My best friend from High School has a 74 GTO hatch 4 speed with a 77' 400, older Pontiac heads and a 2x6 2 peace intake on it. He is running 97 strombergs on that. It took him years to get every thing for it. 

The intake is 2 round tubes where 3 carbs bolt to 12 o'clock and then bolt to the head around 7 o'clock. It has individual cross overs for the thermostat and back.

I cant remember if it is offenhauser or not but definitely an aftermarket cast aluminum one. I believe it is from the late 50's. I have never seen another like it.


This is the closest thing I can find. This one is from a late 50's Caddy. It looks kinda like this one. Same idea, but a bit different on the carb mounts and the intake mounts.


----------



## likethat (Oct 5, 2007)

This site is cool
Special Intake Manifold Identification at Pontiac Paradise

It is a cross between these 2


----------



## Eric Animal (Oct 28, 2007)

Here is the one for sale.....


----------



## ALKYGTO (Mar 29, 2010)

Those log style intakes look like "Man-a-free" universal intakes from the 50's, you could adapt them to any 2bbl or 4bbl intake and mount a bunch of Stromberg carbs on them.

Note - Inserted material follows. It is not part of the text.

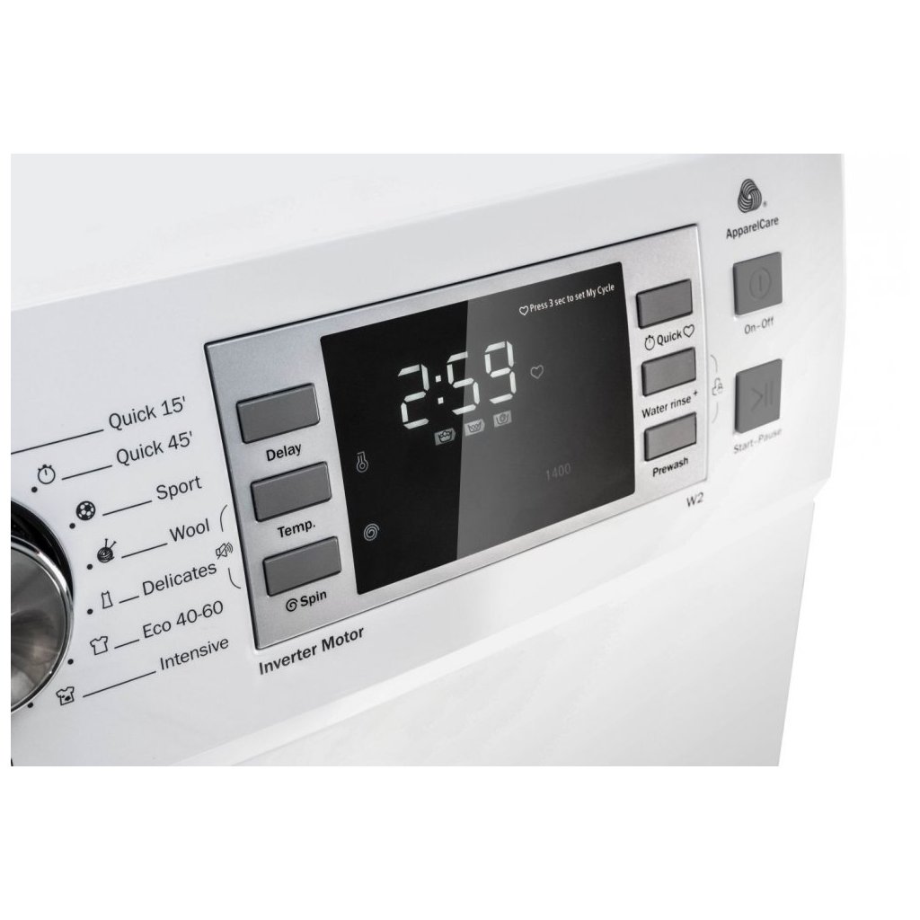 Výhodou je nízká provozní hlučnost, dokonce můžete prát i v noci, aniž by to rušilo něčí spánek. Pračka je vybavena BLDC invertorovým motorem, který se vyznačuje svou odolností a úsporností (23% úspora spotřeby el. energie na prací cyklus), ale i tichostí (více jak o 11% oproti uhlíkovým motorům), a to díky omezení vibrací a hluku. Navíc má motor mimořádně dlouhou životnost, 10 let a více. Díky kontrolnímu systému nevyváženosti pračka rovnoměrně a opakovaně rozloží prádlo uvnitř pračky. Tato funkce zajišťuje, že nehrozí nerovnoměrně rozložené prádlo, což běžně způsobuje hlučné klepání pračky při odstředění a navíc není možné dosáhnout maximálních otáček odstředění.

Friend of mine has a 32 coupe with a 6-71 and 6 "97's". He actually cut up a "Mag-Star" intake?? to fab this up and the car runs awsome. It's got that nasty surge idle I love. He can also adjust the fuel mixture and idle with linkage I fabbed for him from inside the car.


----------



## Eric Animal (Oct 28, 2007)

I saw a 67 GTO, 400 with a 6-71 blower....6 chrome Strombergs. It ran but the set up wasn't very efficent. "Mostly for looks", the owner said.


----------



## Pontiacpurebrred (Jun 22, 2011)

I still may do dual quads, just not THAT dual quad manifold, I dunno it's just sexy. I think ideally I'd like a 428 manual block from 69, I'd love to find a WL or WJ block ... the 490 HP beasts HO or Police Interceptor 4 bolt main and throw some nice flowing heads on there with a dual quad.... hmmmmm. Yea that would work. 

Dream sequence over now.


----------



## Eric Animal (Oct 28, 2007)

Wake up and Do it!!!!:cheers


----------



## russosborne (Dec 6, 2010)

Here's a new dual quad at Summit.
Edelbrock 54501 - Edelbrock P-65 Dual Quad Intake Manifolds - Overview - SummitRacing.com

They also have this one unplated/unpolished, and some offy ones, including high risers. 

Russ


----------